Task details >>
Would you print the lines below exactly, beginning at the line that has "Het perceel waarop" and stopping after the line that has "10.26 재보궐선거가 실시된"? Only those lines, and no pictures.

*** Data for this exercise ***

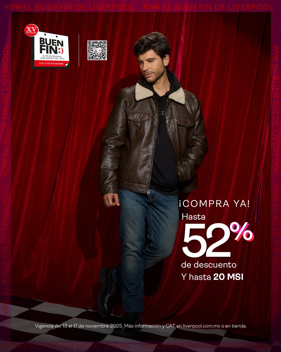Ya inició la promoción del Buen Fin 2025, y en las tiendas departamentales Liverpool, te ofrecen hasta un 60% de descuento, hasta 20 Meses sin intereses y puedes Comprar Ahora y Pagar hasta Febrero 2026 en artículos seleccionados; la promoción aplica en productos participantes, es válida en su tienda en línea www.liverpool.com.mx/tienda/home, en su App Liverpool Pocket (la pueden descargar la App desde este enlace: www.liverpool.com.mx/tienda/paginas/pocket) y en sus sucursales físicas y estará vigente del 13 al 17 de noviembre de 2025.
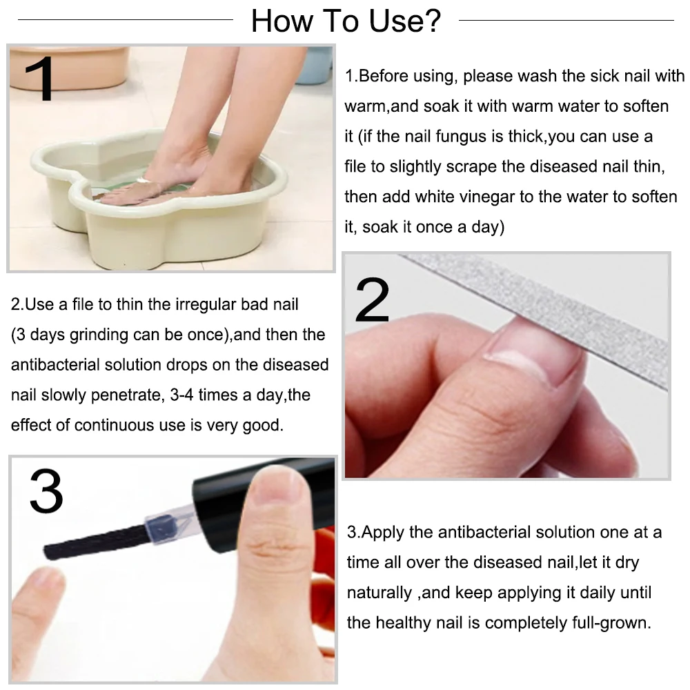 How to use?1.Before using, please wash the sick nail with warm water, and soak it with warm water to soften it(if the nail fungus is thick, you can use a file to scrape the sick nail slightly,then add white vinegar to the water to soften it,soak it once a day.)2.Use a file to thin the irregular bad nail(3 days to grind once) 3 days grinding can be once),and then the antibacterial solution drops on the diseased nail slowly penetrate,3-4 times a day,the effect of continuous use is very good.3.Apply the antibacterial soluton one at a time all over the diseased nail,let it dry naturally,and keep applying it daily until the healthy nail is completely full-grown.
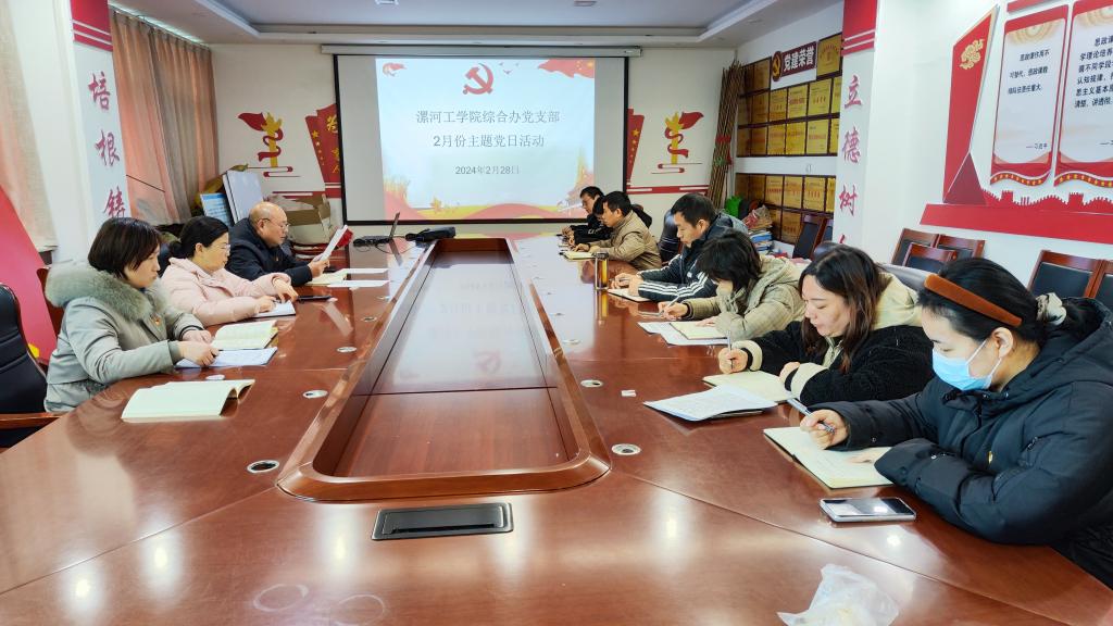 主题党日活动分为三个阶段进行。第一阶段,支部党员集中学习了习近平总书记在2024年春节团拜会、二十届中央纪委三次全会以及一月三十一日中共中央政治局会议上的重要讲话精神,学习了《党史学习教育工作条例》及2024年漯河市政府工作报告等。第二阶段,纪检委员陈水生通报了3起违反中央八项规定精神的典型案例,提醒广大党员干部要从中汲取深刻教训,时刻紧绷纪律规矩这根弦,举一反三,引以为戒。第三阶段,支部书记王方通报讲评“双承诺”“双报到”“双结对”活动开展情况,并就党支部在新的一年中如何高质量开工作展提出谋划。
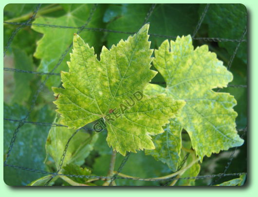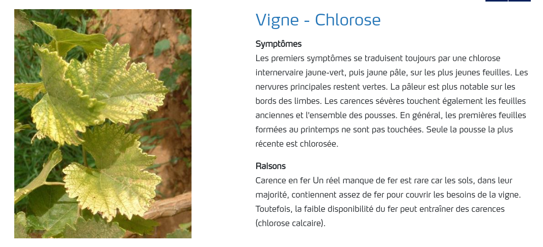 Le pic d’expression se situe au printemps, autour de la floraison On observe d’abord un jaunissement du limbe (couleur blanc nacré pour les symptômes sévères), les nervures restant nettement plus vertes Selon l’intensité de la chlorose, liée entre autres aux conditions de l’année, les dégâts évoluent vers un dessèchement du limbe entre les nervures (en commençant par le bord des feuilles), progressant de façon internervaire et pouvant aller jusqu’à la nécrose complète de la feuille (stade « Cottis ») Les jeunes feuilles sont touchées les premières, et les jeunes rameaux en croissance peuvent présenter des entre-nœuds raccourcis On remarque souvent une distribution par tâches dans les parcelles (zones plus humides, asphyxiantes, remontées de roche-mère calcaire, …)
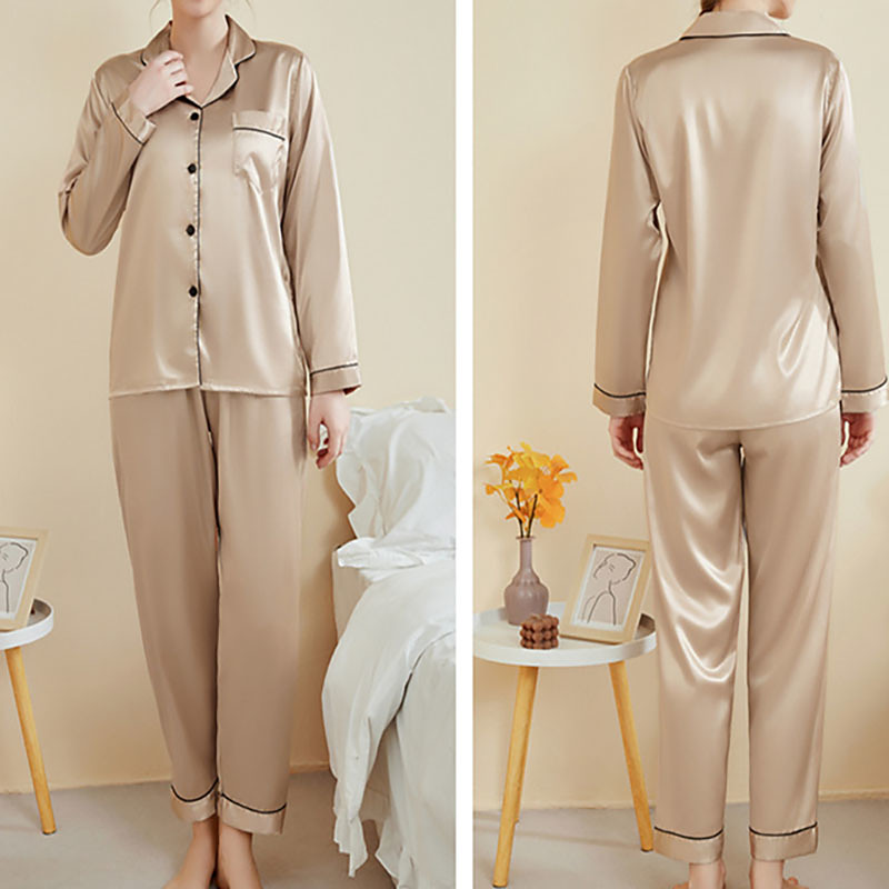 Women's Loungewear Pajama Set Fashion Casual Soft Pure Color Elastic Waist Buttons Pant Home Vacation Long Sleeve Lapel Blue Lotus Pink Black Champagne Pink Summer Spring Fall Regular Fit
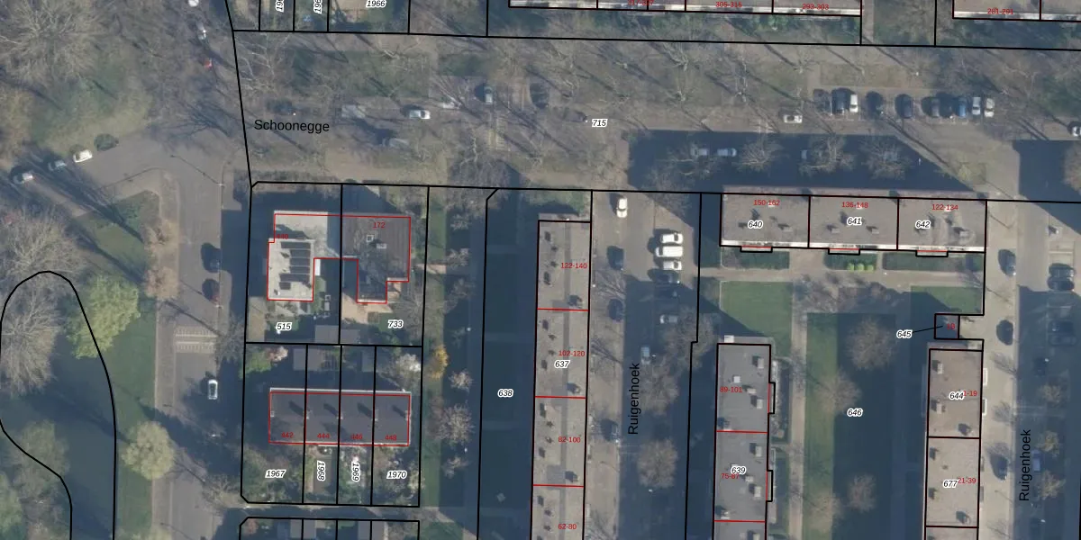 Het perceel waarop Ruigenhoek 136 staat heeft een oppervlakte van 636 m². Dit is een groot perceel. De perceeloppervlakte wordt geregistreerd door het Kadaster. Gedetailleerde informatie over de maten van dit perceel kunt u vinden in het rapport Kadastrale kaart met maatvoering van Ruigenhoek 136.
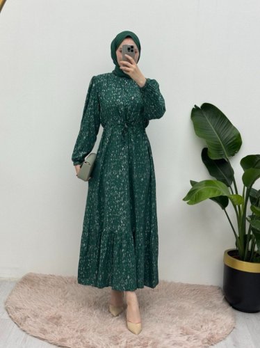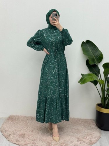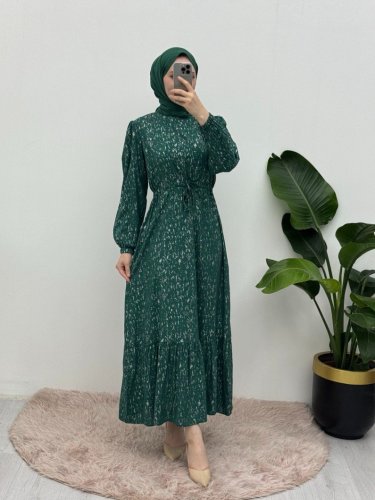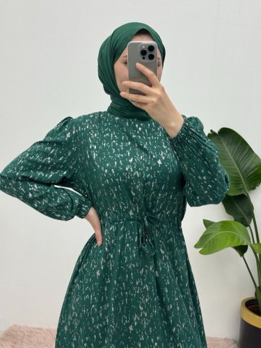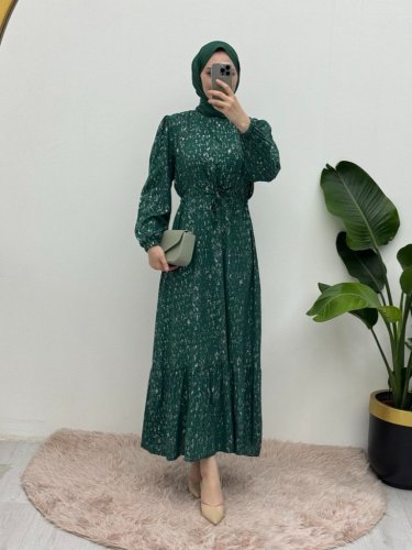 Kırçıllı Belden Büzgülü Elbise -Orman Yş
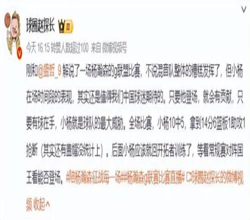 杨瀚森虽然在NBA还是一个饮水机,但他在G联赛已经绝对的核心,周琦在G联赛甚至都还打过替补,战术地位都不同,杨瀚森得到的锻炼肯定超过周琦,如果杨瀚森明年回国打世预赛,那还不乱杀吗?考虑到八村垒、河村勇辉可能回归日本男篮,杨瀚森说不定真的要回来打世预赛。
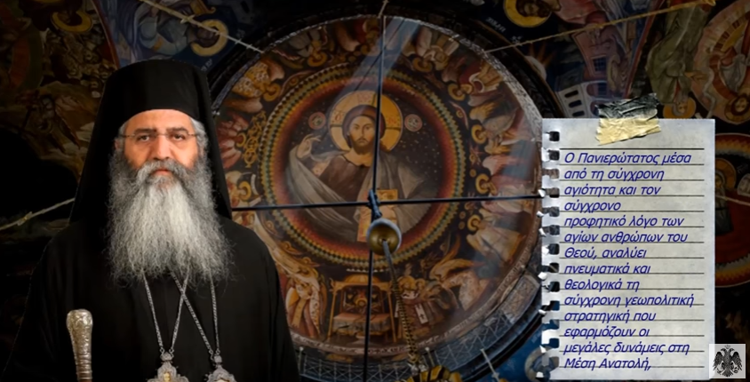 Ο Πανιερώτατος μέσα από τη σύγχρονη αγιότητα και τον σύγχρονο προφητικό λόγο των αγίων ανθρώπων του Θεού, αναλύει πνευματικά και θεολογικά τη σύγχρονη γεωπολιτική στρατηγική που εφαρμόζουν οι μεγάλες δυνάμεις στη Μέση Ανατολή, η οποία είναι μέρος των ευρύτερων υποχθόνιων σχεδίων των ανθρώπων του μυστικού χρήματος, της νέας τάξης πραγμάτων, που έχουν σαν στόχο τη δημιουργία του φθαρμένου ανθρώπου που δεν θα έχει καμία ηθική αντίσταση…
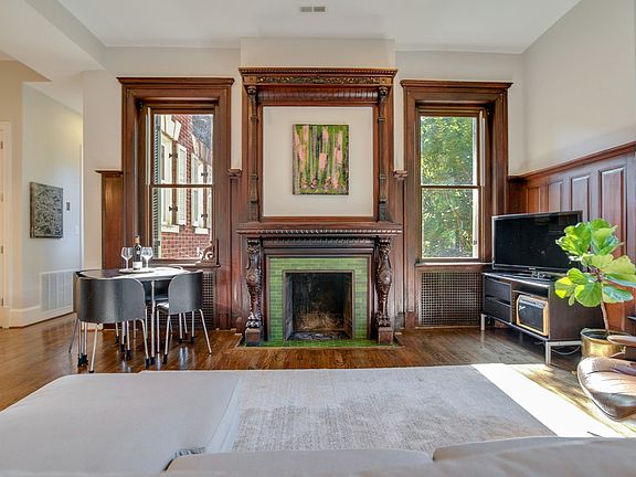 Old World craftsmanship meets contemporary living in charming Schafer mansion condo, 2012 Historic Mount Pleasant Design Winner. Lush gardens, marble lobby lead to great room w 11~ ceilings, & original wainscoting, fireplace, bay windows. Modern kitchen, bath, airy bedroom, 3 ample closets w Elfa, deeded parking. Leafy, close to metro, Rock Creek Pkwy & trails, & eclectic MtP shops & restaurants.
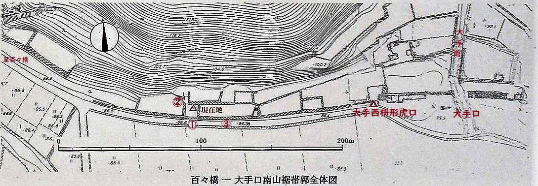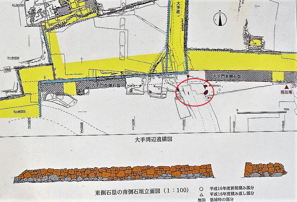 | 【枡形虎口・平入り虎口遺構平面図】 (上に掲載の「百々橋〜大手口南山裾帯郭全体図」の大手西枡形虎口拡大図) ![]() 大手門から西に延びる石塁には、枡形虎口と平入り虎口の2箇所の出入口がある。 (説明板に□を追記) |
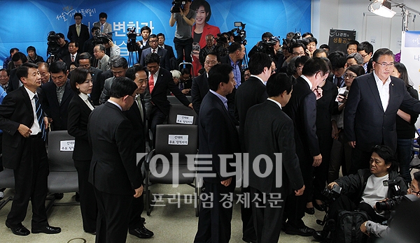 10.26 재보궐선거가 실시된 26일 저녁 서울 중구 태평로 프레스센터 나경원 후보 선거캠프에서 한나라당 당직자들이 방송3사 출구조사 결과 나경원 후보가 뒤지는것으로 나타나자 자리를 떠나고 있다.
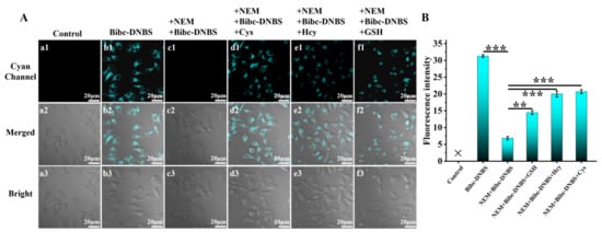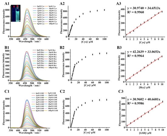 All the spectra detection processes were carried out in acetonitrile/PBS (v/v = 2/8, pH = 7.4). The fluorescence spectra of Bibc-DNBS treated with a series of biothiols (0.0–100.0 μM) were measured in Figure 1. The probe Bibc-DNBS (10.0 μM) had weak fluorescence emission. With the addition of biothiols, the fluorescence intensity at 462 nm increased about 26/24/23-fold for Cys/Hcy/GSH (Figure 1A1,A2,B1,B2,C1,C2), correspondingly. There was a well-defined linear relationship between the intensity enhancement and the concentration of biothiols (LOD of 0.042/0.092/0.121 μM for Cys/Hcy/GSH) (Figure 1A3,B3,C3). In contrast, there were no obvious changes in the emission spectra of Bibc-DNBS upon introduction of possible competing essential amino acids (Phenylalanine (Phe), Alanine (Ala), Tryptophan (Trp), Histidin (His), Lysine (Lys), Proline (Pro), Methionine (Met), Arginine (Arg), Aspartic acid (Asp), Glutamic acid (Glu), Threonine (Thr), Valine (Val), Isoleucine (Ile)), several ions (Mn2+, Na+, Mg2+, AcO−, NO2−, SO32−, and PO43−), and other analytes (glucose and citric acid). Moreover, the sensing ability of Bibc-DNBS to biothiols was assessed in the presence of other interfering substances. As illustrated in Figure S1, there was no remarkable influence on recognizing biothiols in aqueous solutions. The stable behavior of Bibc-DNBS and satisfactory fluorescence response at pH values between 6 and 8 (Figure S2) and at temperatures between 32–40 °C (Figure S3) ensured the feasibility of the physiological state for biothiol detection. Meanwhile, it was found that the fluorescence intensity increased continuously and reached saturation within 300 s upon addition of Cys, Hcy, or GSH, respectively (Figure S4), and maintained a stable fluorescence turn-on for the subsequent 8 h (Figure S5). All these phenomena showed that Bibc-DNBS could be used as an efficacious candidate for real-time sensing of biothiols.

*** End of Data for this exercise ***

Reply to the task >>
 Het perceel waarop Ruigenhoek 136 staat heeft een oppervlakte van 636 m². Dit is een groot perceel. De perceeloppervlakte wordt geregistreerd door het Kadaster. Gedetailleerde informatie over de maten van dit perceel kunt u vinden in het rapport Kadastrale kaart met maatvoering van Ruigenhoek 136.
 Kırçıllı Belden Büzgülü Elbise -Orman Yş
 杨瀚森虽然在NBA还是一个饮水机,但他在G联赛已经绝对的核心,周琦在G联赛甚至都还打过替补,战术地位都不同,杨瀚森得到的锻炼肯定超过周琦,如果杨瀚森明年回国打世预赛,那还不乱杀吗?考虑到八村垒、河村勇辉可能回归日本男篮,杨瀚森说不定真的要回来打世预赛。
 Ο Πανιερώτατος μέσα από τη σύγχρονη αγιότητα και τον σύγχρονο προφητικό λόγο των αγίων ανθρώπων του Θεού, αναλύει πνευματικά και θεολογικά τη σύγχρονη γεωπολιτική στρατηγική που εφαρμόζουν οι μεγάλες δυνάμεις στη Μέση Ανατολή, η οποία είναι μέρος των ευρύτερων υποχθόνιων σχεδίων των ανθρώπων του μυστικού χρήματος, της νέας τάξης πραγμάτων, που έχουν σαν στόχο τη δημιουργία του φθαρμένου ανθρώπου που δεν θα έχει καμία ηθική αντίσταση…
 Old World craftsmanship meets contemporary living in charming Schafer mansion condo, 2012 Historic Mount Pleasant Design Winner. Lush gardens, marble lobby lead to great room w 11~ ceilings, & original wainscoting, fireplace, bay windows. Modern kitchen, bath, airy bedroom, 3 ample closets w Elfa, deeded parking. Leafy, close to metro, Rock Creek Pkwy & trails, & eclectic MtP shops & restaurants.
 | 【枡形虎口・平入り虎口遺構平面図】 (上に掲載の「百々橋〜大手口南山裾帯郭全体図」の大手西枡形虎口拡大図) ![]() 大手門から西に延びる石塁には、枡形虎口と平入り虎口の2箇所の出入口がある。 (説明板に□を追記) |
 10.26 재보궐선거가 실시된 26일 저녁 서울 중구 태평로 프레스센터 나경원 후보 선거캠프에서 한나라당 당직자들이 방송3사 출구조사 결과 나경원 후보가 뒤지는것으로 나타나자 자리를 떠나고 있다.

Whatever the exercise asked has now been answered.